Our results show immunohistochemical expression of PTEN protein in all the cases used as internal controls, with this expression being moderate or intense from the immunohistochemical point of view in 96.3 % of the cases, which may reflect normal activity in this gene. No negative cases were observed, which may suggest some degree of PTEN inactivation in the non-tumor mucosa adjacent to the tumors. However, in the GBC there was a greater dispersion in the intensity of the positive staining, being weak in 54.5 % of the cases and moderate in 42.6 %, which may mean that the tumor tissues present a variable expression, possibly a reflection of differing degrees of PTEN activity or inactivation. This being a recessive gene, inactivation of an allele does not necessarily compromise its function entirely, as it can express itself partially [
24]. In most tumors the loss of PTEN is monoallelic (gliomas, breast, colon, lung), with biallelic being less frequent [
24‐
27], as inactivation due to methylation of promoter areas is one of the inactivation mechanisms that occurs more frequently than genomic alterations [
24,
28,
29]. Thus, the absence of PTEN expression in three cases of advanced GBC suggests is an infrequent phenomenon (4.1 % of all AC) and is also delayed since its inactivation could not be demonstrated through the loss of its expression in any of the 35 EC. There is little information about the inactivation of this gene in GBC measured using different molecular techniques.

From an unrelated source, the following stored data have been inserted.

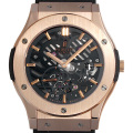 - クラシックシリーズ最大の45mmケースに、厚さわずか2.9mmの自社開発ムーブメントを搭載したスケルトンモデルです。ウブロとしては珍しく手巻きムーブメントを採用しており、そのメカニカルな部分を強調しています。ピンクゴールドの輝きが美しい500本限定モデルです。
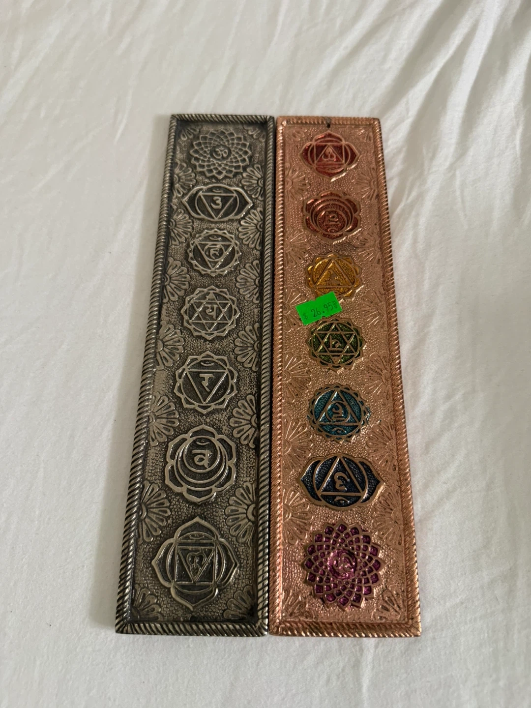 Two decorative incense holders, one in silver and one in copper tone, featuring detailed chakra symbols. They're great for holding incense sticks and adding a touch of spiritual decor. They look nice on a shelf or table.
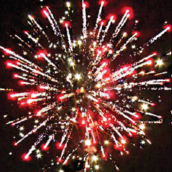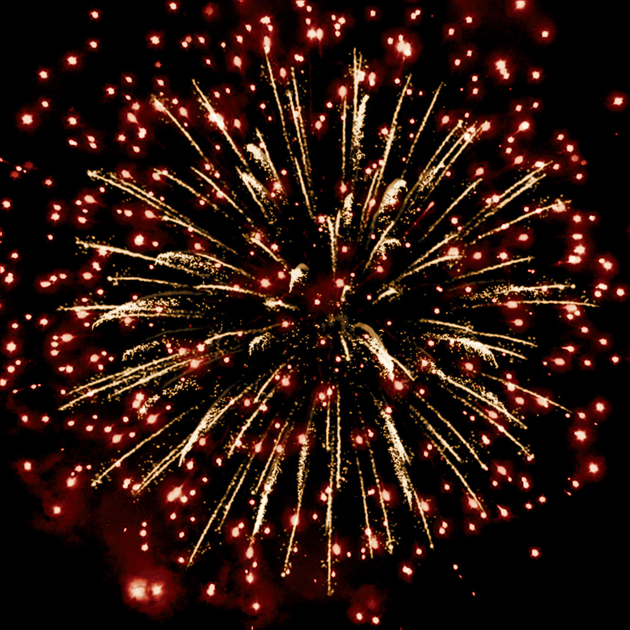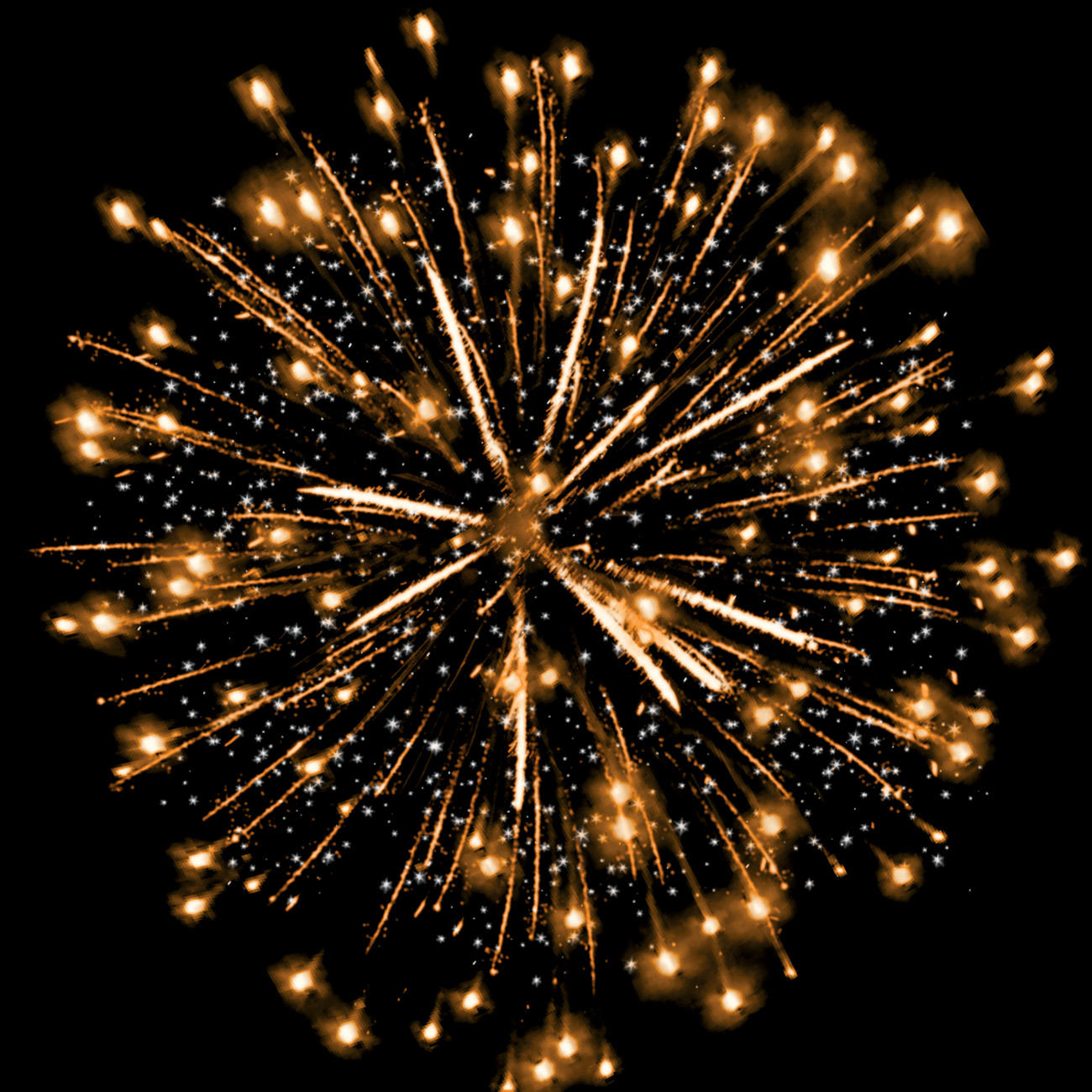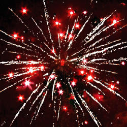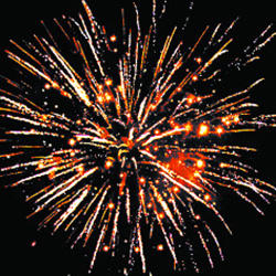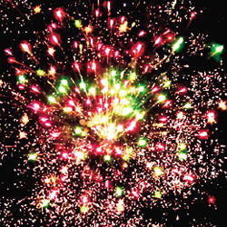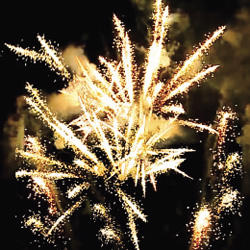 15. множество разлетающихся золотых трещащих искр, красных, зеленых и золотых огней.

Some indicate inactivation frequencies ranging between 0 and 5 %, but this does not rule out that other PTEN inactivation mechanisms may be at work [
16]. On the other hand, the poor prognosis of the three patients with an absence of PTEN protein expression compared to patients at similar stages must be pointed out [
30]. In these patients, PTEN inactivation may have released the PI3k/AKT pathway, which through some of its effectors like mTOR is able to activate cell proliferation [
31]. Although PTEN inactivation is observed in around 4 % of the advanced cancers, it is worthy of note that the other inactivation mechanisms in this proliferative pathway and which promote tumor growth and development have recently been reported in significant percentages (
http://cancer.sanger.ac.uk, [
32‐
34]), which will open up important expectations for the use of selective blockers and inhibitors of this pathway as a targeted therapy in patients with advanced gallbladder cancers [
35‐
37]. Our recent work has shown activating mutations in exons 9 and 20 of the PI3k gene in 16.9 % of GBC, suggesting that this gene together with PTEN could be a therapeutic target in around 20 % of advanced gallbladder cancers (Roa et al., observations not published).